98 children completed the study. Incidence of agitation (defined as PAED score ⩾ 10) was significantly higher in the control group and the midazolam group than in the dexmedetomidine group (P = 0.014), and the number of patients who developed severe agitation requiring fentanyl (PAED score ⩾ 15) was also higher in the control group (P = 0.042).

There was no significant difference between the incidence of POV in the PACU between the control group (28%) and the midazolam group (21%); however, the incidence was significantly lower in the dexmedetomidine group (15%). The number of intraoperative OCR events was significantly higher in the control group (39%) than in the dexmedetomidine (0%; P = 0.006) and in the midazolam group the incidence was higher than the dexmedetomidine (9%; 3 events) but did not reach statistical significance.

Conclusion

Administration of intranasal dexmedetomidine to children undergoing strabismus surgery under sevoflurane anesthesia resulted in a reduced incidence of EA compared with intranasal midazolam or placebo. The incidence of POV and intraoperative OCR was also significantly lower with dexmedetomidine.

Introduction

Emergence agitation (EA) is a complex behavioral disturbance characterized by psychomotor agitation, perceptual disturbances, delusions, and disorientation during recovery from general anesthesia [Citation1]. The incidence of EA in children is higher than in adults ranging from ten to eighty percent [Citation2].

Agitated behavior associated with EA can delay discharge from the post-anesthesia care unit (PACU), decrease parent and caregiver satisfaction, and increase the overall cost to the institution [Citation3]. Risk factors for development of EA include preschool age, previous surgery, ophthalmology or otorhinolaryngology procedures, and inhalation agents associated with fast emergence [Citation4].

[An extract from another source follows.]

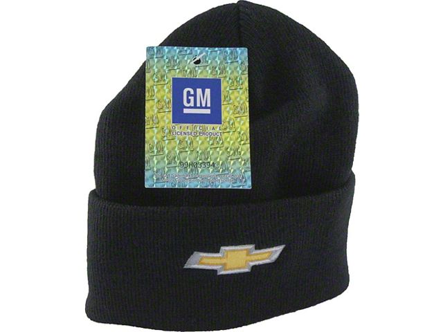Keep warm at that end of the year car show, or show your Bowtie pride during the cold weather months, with this awesome, Chevy Beanie, Chevy Gold Bowtie, Black, the only thing better is rocking one of the cool matching Bowtie jackets we offer. Do not get caught out in the cold, at your next sporting, car, or holiday event, cover up and prevent heat loss with this sweet Chevy Bowtie beanie.

Strabismus surgery is one of the most common eye operations in children and it may be associated with significant postoperative pain [Citation5]. Pain can cause distress, anxiety and agitation in children [Citation6]. The oculocardiac reflex (OCR) is another major complication of pediatric strabismus surgery when the heart rate drops to 20% of the resting rate [Citation7]. The incidence of OCR during strabismus surgery has been variously reported between 14% and 90%, depending on premedication and the anesthetic agent used [Citation8,Citation9]. Strabismus surgery is also associated with significant postoperative vomiting (POV) with an incidence of approximately 30% [Citation10], and this contributes significantly to the postoperative distress observed in these children and subsequently limits the use of opioids for pain management after strabismus surgery [Citation11,Citation12].

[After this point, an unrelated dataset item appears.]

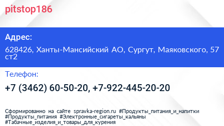 pitstop186 по адресу 628426, Ханты-Мансийский АО, Сургут, Маяковского, 57 ст2 в дальнейшем Организация, размещена в следующих категориях:

Sevoflurane is frequently used for pediatric anesthesia because it has low pungency and rapid onset and offset of action [Citation13,Citation14]. The reported incidence of emergence agitation (EA) following sevoflurane anesthesia varies from 10% to 80% between studies, suggesting that EA may depend on numerous factors.

Midazolam is an anxiolytic, sedative, hypnotic, and amnesic drug and is used for premedication in children via several routes [Citation15Citation19]. Previous studies have shown that intranasal administration of midazolam is easy, effective, and noninvasive, but may cause nasal irritation [Citation20]. Other adverse effects of midazolam include postoperative behavioral changes, cognitive impairment, and respiratory depression [Citation21].

Dexmedetomidine is a potent, highly selective, and specific α2 adrenoreceptor agonist that has both sedative and analgesic effects. Unlike traditional gabaminergic sedative drugs, the primary site of action of dexmedetomidine is the locus coeruleus rather than the cerebral cortex [Citation22]. Therefore, its induced sedation is characterized by an easy and quick arousal from sedation resembling natural sleep [Citation23].

There is evidence that dexmedetomidine decreases the incidence of EA after sevoflurane anesthesia in children undergoing different surgical procedures [Citation24]. It has also been reported that dexmedetomidine can lower the incidence of POV, and decrease the occurrence of OCR during strabismus surgery [Citation25].

The present study was undertaken to investigate the relative benefits of using intranasal dexmedetomidine or midazolam premedication in sevoflurane anesthetized children undergoing strabismus surgery. The primary objective of this study was to compare the effects of intranasal dexmedetomidine and intranasal midazolam on the incidence of EA after sevoflurane anesthesia in children undergoing strabismus surgery. We hypothesized that the incidence of EA would be lower with dexmedetomidine due to its sedative, anxiolytic, and analgesic effects. The secondary objective was to estimate the effects of the two drugs on POV and the incidence of OCR.

Methodology

The study was conducted in Magrabi specialist eye hospital between September 2013 and April 2015. Approval by the local Institutional Review Board (IRB), and parental written informed consent were obtained. Children aged between 1 and 7 years of American Society of Anesthesiologists (ASA) physical status I or II undergoing strabismus surgeries were included in this double blind, prospective, randomized study. Primary exclusion criteria included ASA III and IV children, children with developmental delays, any neurological disease associated with symptoms of agitation. Secondary exclusion criteria included parental refusal of consent and allergy to any of the study medications. Of 123 children screened, 105 patients were found eligible and enrolled in the study.

All children were fasted from solid foods for 6 h before the procedure; clear liquids were permitted until 2 h prior to admission to the OR. Before entrance to the OR, Patients were allocated randomly to one of three groups using computer-generated random numbers which were obtained and kept in opaque sealed envelopes that were opened by an independent anesthesiologist not involved in the study: group D, included patients who received intranasal (IN) dexmedetomidine (1 μg/kg), group M included patients who received IN midazolam (0.1 mg/kg), and group C included patients who received IN normal saline. All study drugs were prepared by an anesthesiologist who was blinded to the details of the study.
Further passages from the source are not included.